Most of the civilian casualties – which have included women and children – have happened since September [Anwar Amro/AFP/Getty]
More than 200 children have been killed and 1,100 injured in Lebanon in the past two months, the UN children’s agency, UNICEF, said on Tuesday.
The more than year-old conflict in Lebanon spiralled into all-out war in mid-September when Israel launched a major offensive against Iran-backed Hezbollah. Over 3,500 people have been killed in total, many of them civilians.
“Despite more than 200 children killed in Lebanon in less than two months, a disconcerting pattern has emerged: their deaths are met with inertia from those able to stop this violence,” UNICEF spokesperson James Elder told a Geneva press briefing. “For the children of Lebanon, it has become a silent normalisation of horror.”

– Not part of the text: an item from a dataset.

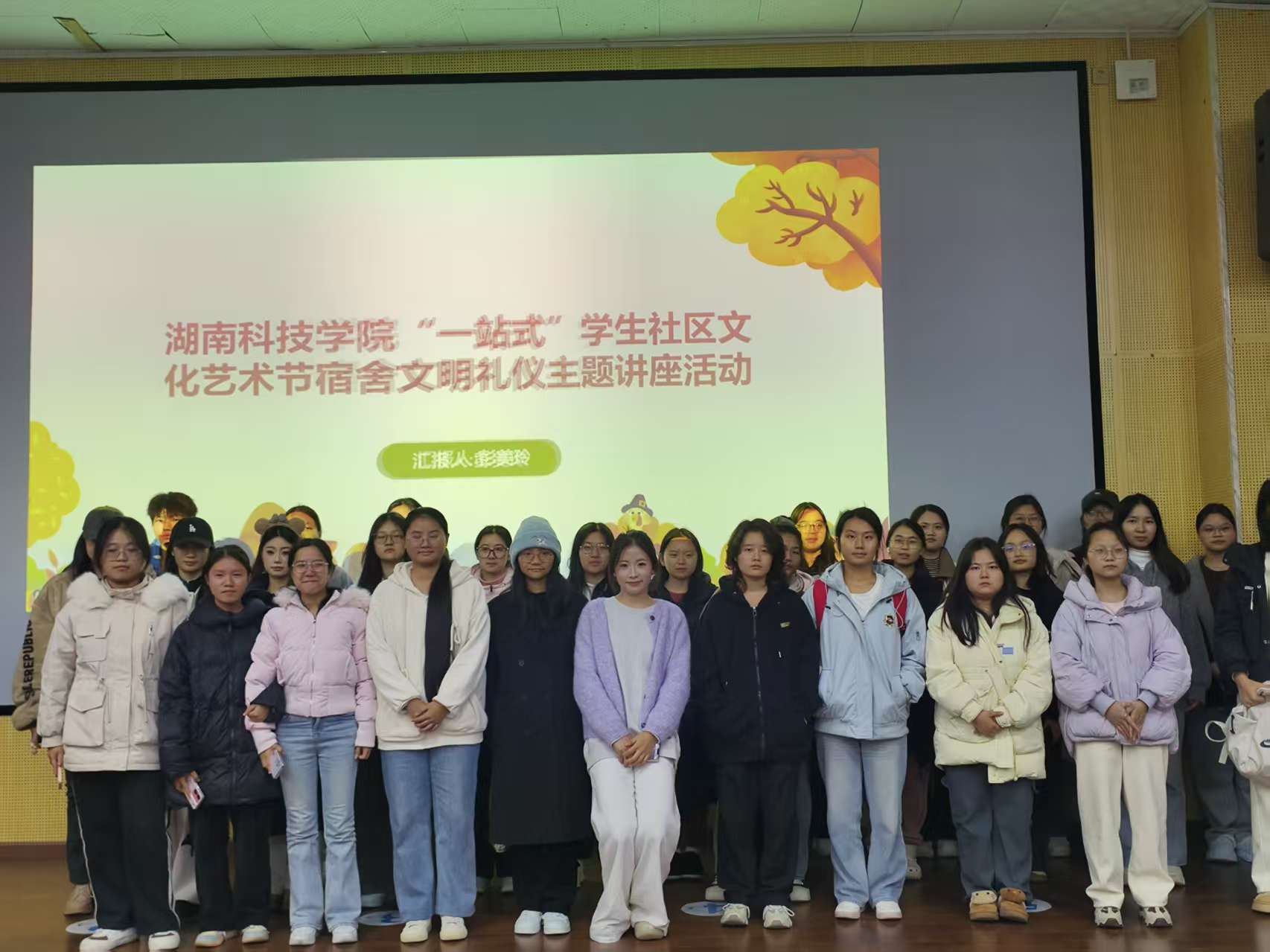 为培育学生宿舍文明素养,筑牢和谐温馨的住宿环境,2025年12月17日晚,beat365中文官方网站第三届“一站式”学生社区宿舍文明礼仪专题讲座在博雅楼西三顺利举办。本次活动以“雅舍共守,礼伴同行”为主题,吸引全校数百名学生踊跃参与,现场氛围热烈融洽。

He declined to comment on who was responsible for the killings, saying that it was clear to anyone who follows the media.
Elder said there were “chilling similarities” between the conflicts in Lebanon and in Gaza, where a significant portion of the more than 43,000 people killed in the 13-month-old war between Israel and Hamas are reported to be children.
UNICEF is providing psychosocial support to children and providing medical supplies, meals and sleeping kits to the hundreds of thousands of children who have fled the fighting.
“In Lebanon, much the same as has become the case in Gaza, the intolerable is quietly transforming into the acceptable,” he added.